Have a word with the house clearers... for a few quid I'm sure they'd know how to disconnect it?

Reply to
WeeBob

I though the chain was less for toppling (cookers don't have a massively high CoG) but more to stop people pulling the cooker out beyond the reach of the pipe (and thus risk breaking the pipe with the attendant gas leak) ?

Is cooker toppling a real risk ?

Reply to
Jethro_uk

Dunno...but SWMBO is there right now and she can't move the bayonet fitting at all. Hose won't turn.

Reply to
Bob Eager

After all this time that doesn't surprise me.

I would knock/hammer the locking ring in a few mm.

She might then have a fighting chance of turning it.

Reply to
Fredxxx

Certainly a risk if the oven door opens downwards. Then a child could stand on that and topple the whole thing on top of themselves. That could kill them.

Reply to
GB

So nothing to do with it being gas then.

And the chances of the oven door being left open, AND pans being on the top, AND someone falling onto it are pretty remote. Anyway, a cooker is VERY heavy, the above scenario is unlikely to cause that problem.

Reply to
Tough Guy no. 1265

Probably pull the plasterboard or rawl plugs etc out anyway.

Reply to
Tough Guy no. 1265

The hose shouldn't, unless the connector does as well.

Reply to
charles

I knew my mother. You did not know yours.

Reply to
Mr Pounder Esquire

I've ragged 3 of them out. None were chained.

Reply to
Mr Pounder Esquire

My Mum hated drop down oven doors with a vengeance. We had to wait until the 1990s to replace the 1960s "New World" cooker we had, mainly because it seemed all cookers from the Gas Board (look it up kids) only came with drop down doors.

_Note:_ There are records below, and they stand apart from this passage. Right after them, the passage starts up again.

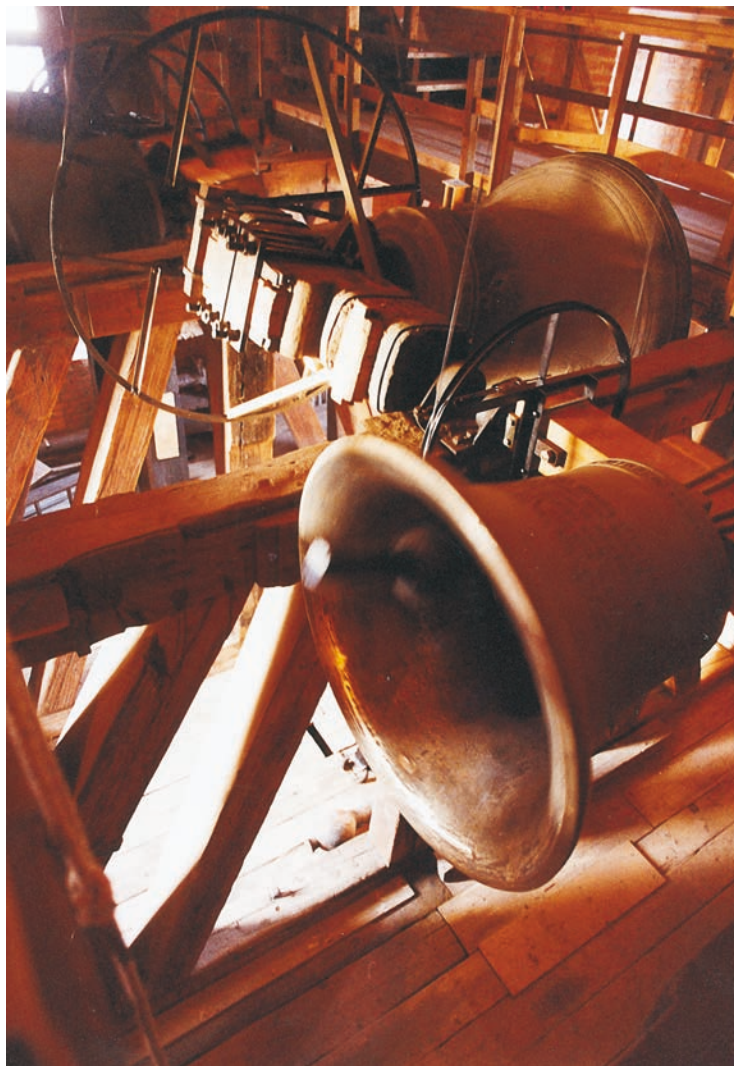
Kyrkklockorna sjunger ut bäst vid en utslagsvinkel av högst 90°.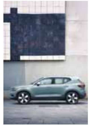
El lateral destaca por su robustez y dinamismo.

El nuevo miembro de la familia XC estará disponible con un motor T5 de 4 cilindros. Sin dar a conocer fechas sí se anunció que habrá opciones híbridas y totalmente eléctricas en un futuro cercano.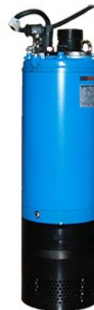
Pompa Sommergibile Mod. GEO LH230W

Pompa Sommergibile da 2" per il pompaggio di acque PULITE, adatta al DRENAGGIO con POZZI.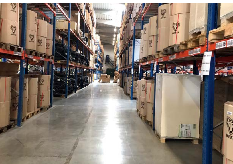
Magazyny Geis dla WTB Europe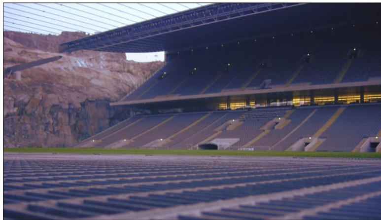
FIGURA 3. Eduardo Souto de Moura. Estadio municipal de Braga (vista del interior). 2000-2003. Braga (Portugal).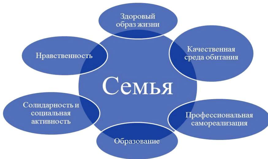
Рис. 3. Модель социализации

В качестве стратегической базы реализации государственной молодежной политики в Нижегородской области предлагается модель социализации, включающая в себя семь приоритетных направлений (см. рис.3).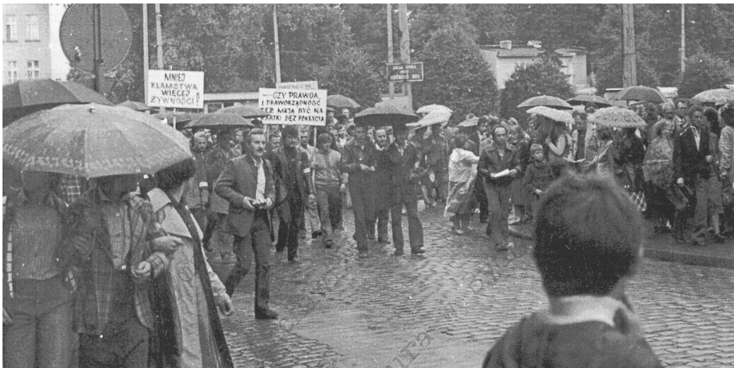
Przemarsz Protestacyjny z 31 sierpnia 1981 r. w Grudziądzu.

https://przystanekhistoria.pl/pa2/tematy/solidarnosc/80143,Grudziadz-na-mapie-opozycji-PRL.html

Here's another blast from the past ... "gas match" :)

Reply to
Jethro_uk

I would not be impressed by any house clearer who could not cope! (a bit different if it was a plumbed-in hob).

Reply to
newshound

Agreed. Sticky o-ring? WD40 is another option. It does help if one has done them before, so that you know that you have to push and twist if it is stiff, and not just twist. Same as a light bulb. Anticlockwise.

Reply to
newshound

If there's a gas leak from a split or abraded hose then Transco will come out for free and disconnect the appliance or cap off at the meter.

Owain

Reply to
spuorgelgoog

The hose doesn't turn. It's not meant to. It's only the knurled collar that turns, and only after you push the hose deeper (usually "up") into the fitting.

Tim

Reply to
Tim+

Oh I do, it's her mothers side where a few things on the family tree don't quite add up. Not as bad as her Father though, he was born and lived somewhere around the Oswaldtwistle ,Accrington area. Fortunately any genes that would make me want to wear a flat cap,keep pigeons or a whippet, whine about how hard done by the North always is and a desire to buy garden ornaments in a poundshop and think them classy have had over a century to get washed out.

G.Harman

Reply to
damduck-egg

The problem with that is a chain isn't likely to stop it happening.

Reply to
dennis

Mr Pounder Esquire scribbled

Noted - admission you don't know your father.